_Exercise directions_:
When you write out the listing, keep each word exactly as it stands but include none of its images.

_Data for processing_:
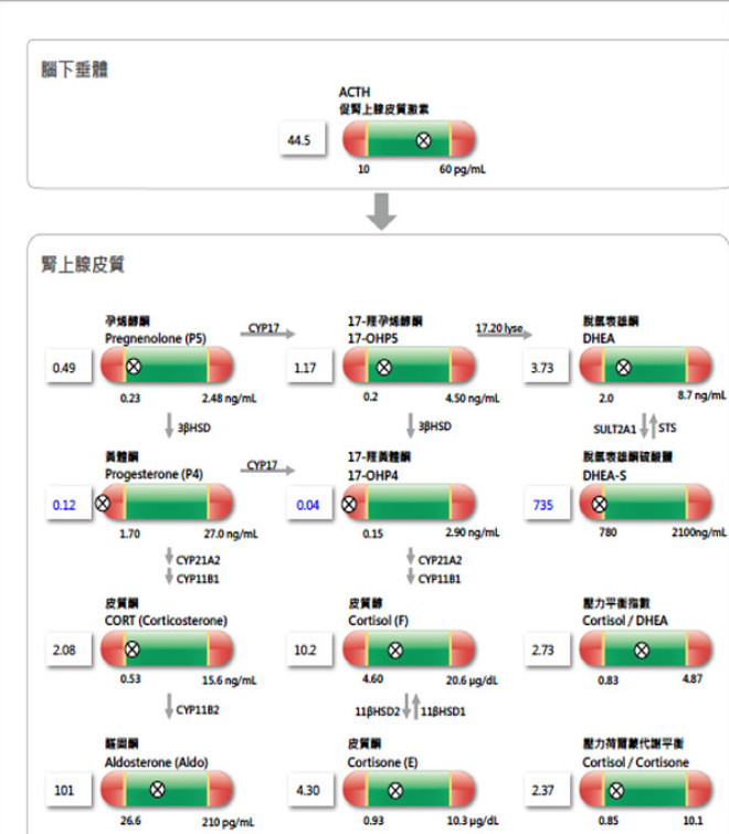 壓力會促使腎上腺皮質製造的皮質醇量增加。長期壓力則會導致焦慮、憂鬱、記憶力衰退、癒合能力受損、肌肉與組織退化、血糖代謝不良、肥胖、心血管疾病、免疫失調等。此分析可檢視與壓力有關的荷爾蒙分泌與代謝狀態,全盤性瞭解鹽皮質激素(如:醛固酮)、醣皮質激素(如:皮質醇)、抗壓指數、腎上腺儲備能力、壓力平衡指數、壓力荷爾蒙代謝平衡,作為現代人壓力疾病的指標。
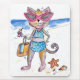 Esta é uma pintura mestiça de um gato branco em óculos de sol na praia.
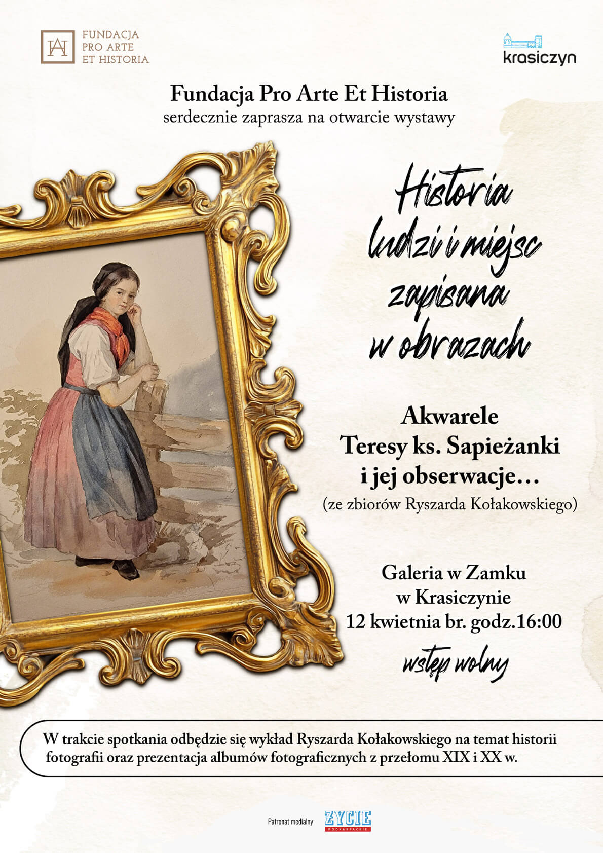Fundacja Pro Arte Et Historia serdecznie zaprasza w dniu 12 kwietnia br. o godz. 16:00 do galerii w krasiczyńskim zamku na otwarcie wystawy akwarel i szkiców Teresy ks. Sapieżanki. Prace wykonane zostały w II połowie XIX wieku i prezentują dorobek artystyczny córki Leona Ludwika ks. Sapiehy.
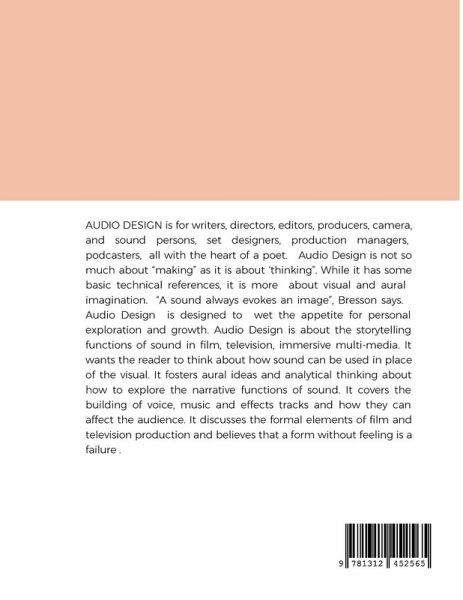AUDIO DESIGN is for writers, directors, editors, producers, camera, and sound persons, set designers, production managers, podcasters, all with the heart of a poet. Audio Design is not so much about "making" as it is about 'thinking". While it has some basic technical references and "how to" guidelines, it is more about visual and aural imagination. "A sound always evokes an image", Bresson says. Audio Design is designed to wet the appetite for personal exploration and growth. . Audio Design is about the storytelling functions of sound in film, television, multi-media. It wants the reader to think about how sound can be used creatively in place of the visual. It fosters aural ideas and analytical thinking about how to explore the narrative functions of sound. It covers the building of voice, music and effects tracks and how they can affect the audience. It discusses the formal elements of film and television production and believes that a form without feeling is a failure.
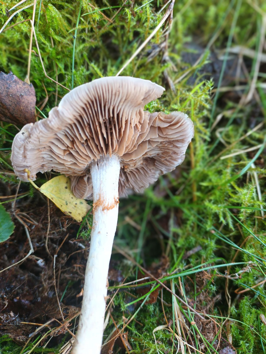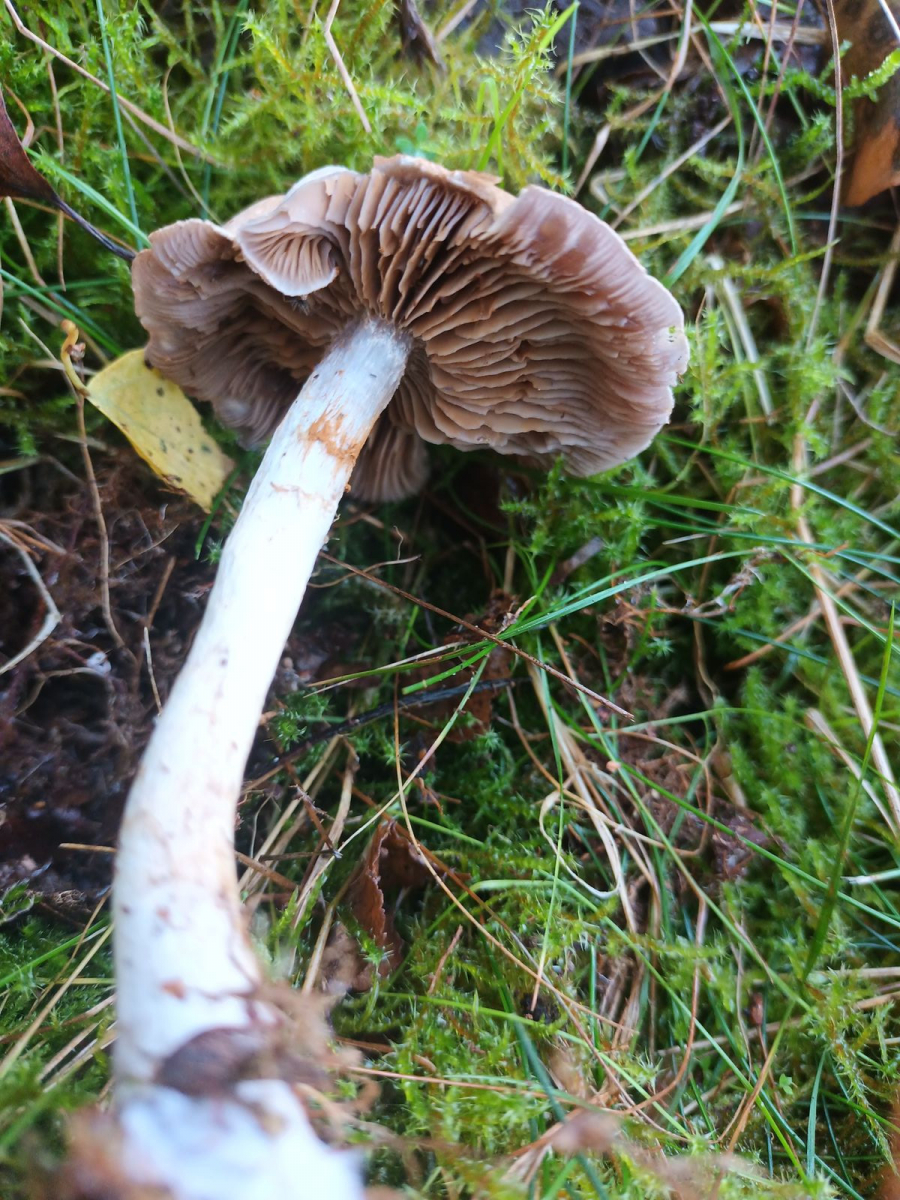 • Das ist ein Schleierling. Die Schleierreste am Stiel fangen das rostfarbene Sporenpulver auf, wordurch die markante rostrote Ringzone am Stiel entsteht. Ich würde Deinen Fund in die Untergattung der Telamonien einsortieren. Diese ist mit locker 500 Arten leider extrem artenreich, weswegen es eher unwahrscheinlich ist, dass Du mit Deinen Angaben und dem Fund eines einzelnen Fruchtkörpers am Ende auf eine belastbare Bestimmung kommst.
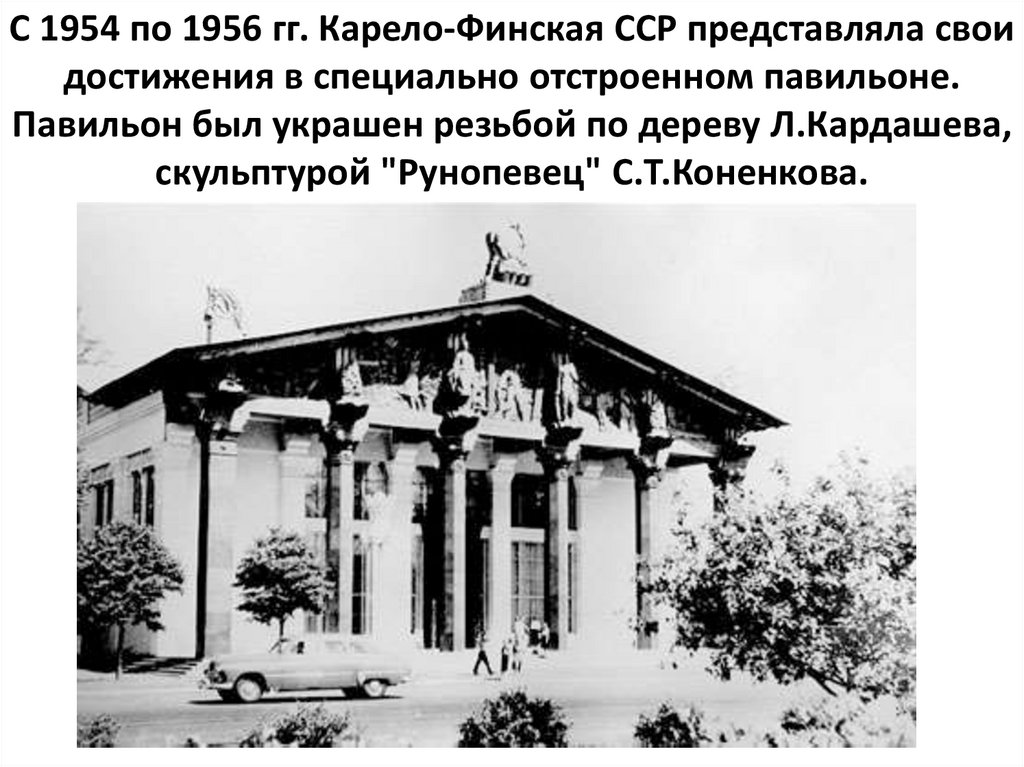 С 1954 по 1956 гг. Карело-Финская ССР представляла своидостижения в специально отстроенном павильоне.
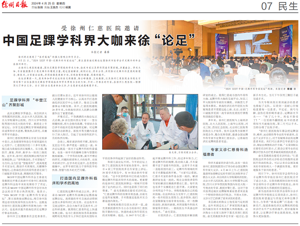 4月21日,“2024 SICOT中国·足踝外科专家论坛”、第五届淮海足踝论坛暨徐州市医学会手足踝外科年会在徐州举行。
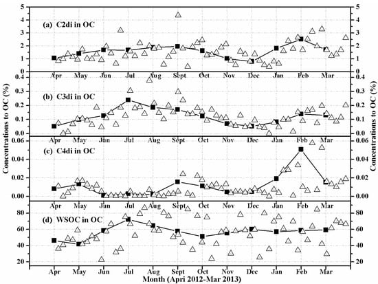 To better understand the seasonal variations of diacids (C2–C4), the carbon content of an individual diacid was normalized by water-soluble organic carbon (WSOC) (Figure 3) and organic carbon (OC) (Figure 4). The results show that WSOC- and OC-normalized seasonal concentrations are similar to the variations of diacid concentrations (Figure 2). Higher values were found in winter (January, February, March) for C2 (Figure 3a and Figure 4a) and C4 (Figure 3c and Figure 4c), suggesting an enhanced emission potentially from coal/biomass combustion. In contrast, higher values were observed in summer (July, August, September) for C3 diacid (Figure 3b and Figure 4b), which is consistent with an enhanced secondary production due to higher oxidant concentrations and warmer temperatures [10,31]. The higher values for the contribution of WSOC to OC were found in summer (July, August, September) (Figure 4d), which further implies an enhanced secondary photochemical production, although it should also exist in other diacids and the related compounds except C2–C4 diacids. From all of the above, we can conclude that the C2–C4 diacids in HS aerosols are affected both from primary emissions and from secondary photochemical processing.
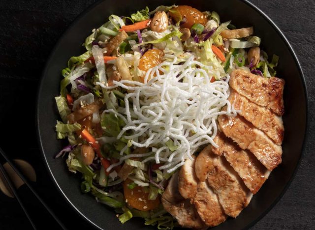 This salad combines a variety of healthful veggies, including cabbage, but the issue with this salad is that it has 21 grams or just over 5 teaspoons of sugar per serving, mostly coming from the mandarin vinaigrette. Like many dishes on the menu, sugar counts are high due to the sauces.
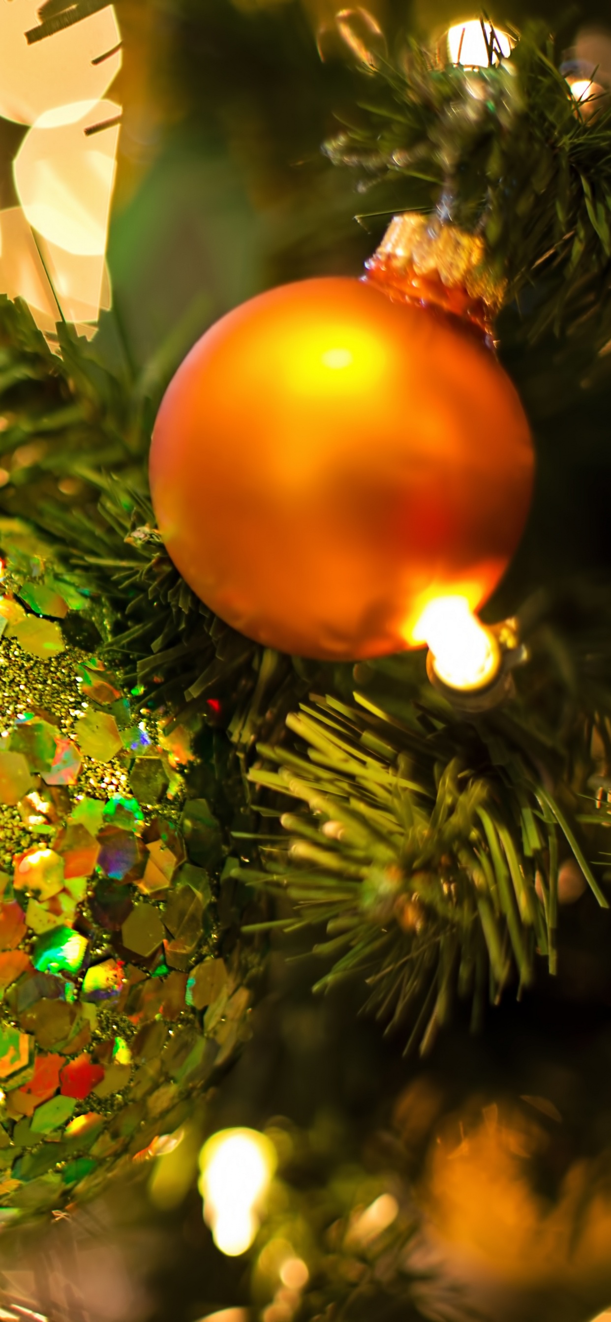 Обои Рождественский день, Рождественские огни, рождественский орнамент, Рождество, дерево для iPhone XS Max, заставка, 1242x2688 картинка

_Response_:
 壓力會促使腎上腺皮質製造的皮質醇量增加。長期壓力則會導致焦慮、憂鬱、記憶力衰退、癒合能力受損、肌肉與組織退化、血糖代謝不良、肥胖、心血管疾病、免疫失調等。此分析可檢視與壓力有關的荷爾蒙分泌與代謝狀態,全盤性瞭解鹽皮質激素(如:醛固酮)、醣皮質激素(如:皮質醇)、抗壓指數、腎上腺儲備能力、壓力平衡指數、壓力荷爾蒙代謝平衡,作為現代人壓力疾病的指標。
 Esta é uma pintura mestiça de um gato branco em óculos de sol na praia.
Fundacja Pro Arte Et Historia serdecznie zaprasza w dniu 12 kwietnia br. o godz. 16:00 do galerii w krasiczyńskim zamku na otwarcie wystawy akwarel i szkiców Teresy ks. Sapieżanki. Prace wykonane zostały w II połowie XIX wieku i prezentują dorobek artystyczny córki Leona Ludwika ks. Sapiehy.
AUDIO DESIGN is for writers, directors, editors, producers, camera, and sound persons, set designers, production managers, podcasters, all with the heart of a poet. Audio Design is not so much about "making" as it is about 'thinking". While it has some basic technical references and "how to" guidelines, it is more about visual and aural imagination. "A sound always evokes an image", Bresson says. Audio Design is designed to wet the appetite for personal exploration and growth. . Audio Design is about the storytelling functions of sound in film, television, multi-media. It wants the reader to think about how sound can be used creatively in place of the visual. It fosters aural ideas and analytical thinking about how to explore the narrative functions of sound. It covers the building of voice, music and effects tracks and how they can affect the audience. It discusses the formal elements of film and television production and believes that a form without feeling is a failure.
 • Das ist ein Schleierling. Die Schleierreste am Stiel fangen das rostfarbene Sporenpulver auf, wordurch die markante rostrote Ringzone am Stiel entsteht. Ich würde Deinen Fund in die Untergattung der Telamonien einsortieren. Diese ist mit locker 500 Arten leider extrem artenreich, weswegen es eher unwahrscheinlich ist, dass Du mit Deinen Angaben und dem Fund eines einzelnen Fruchtkörpers am Ende auf eine belastbare Bestimmung kommst.
 С 1954 по 1956 гг. Карело-Финская ССР представляла своидостижения в специально отстроенном павильоне.
 4月21日,“2024 SICOT中国·足踝外科专家论坛”、第五届淮海足踝论坛暨徐州市医学会手足踝外科年会在徐州举行。
 To better understand the seasonal variations of diacids (C2–C4), the carbon content of an individual diacid was normalized by water-soluble organic carbon (WSOC) (Figure 3) and organic carbon (OC) (Figure 4). The results show that WSOC- and OC-normalized seasonal concentrations are similar to the variations of diacid concentrations (Figure 2). Higher values were found in winter (January, February, March) for C2 (Figure 3a and Figure 4a) and C4 (Figure 3c and Figure 4c), suggesting an enhanced emission potentially from coal/biomass combustion. In contrast, higher values were observed in summer (July, August, September) for C3 diacid (Figure 3b and Figure 4b), which is consistent with an enhanced secondary production due to higher oxidant concentrations and warmer temperatures [10,31]. The higher values for the contribution of WSOC to OC were found in summer (July, August, September) (Figure 4d), which further implies an enhanced secondary photochemical production, although it should also exist in other diacids and the related compounds except C2–C4 diacids. From all of the above, we can conclude that the C2–C4 diacids in HS aerosols are affected both from primary emissions and from secondary photochemical processing.
 This salad combines a variety of healthful veggies, including cabbage, but the issue with this salad is that it has 21 grams or just over 5 teaspoons of sugar per serving, mostly coming from the mandarin vinaigrette. Like many dishes on the menu, sugar counts are high due to the sauces.
 Обои Рождественский день, Рождественские огни, рождественский орнамент, Рождество, дерево для iPhone XS Max, заставка, 1242x2688 картинка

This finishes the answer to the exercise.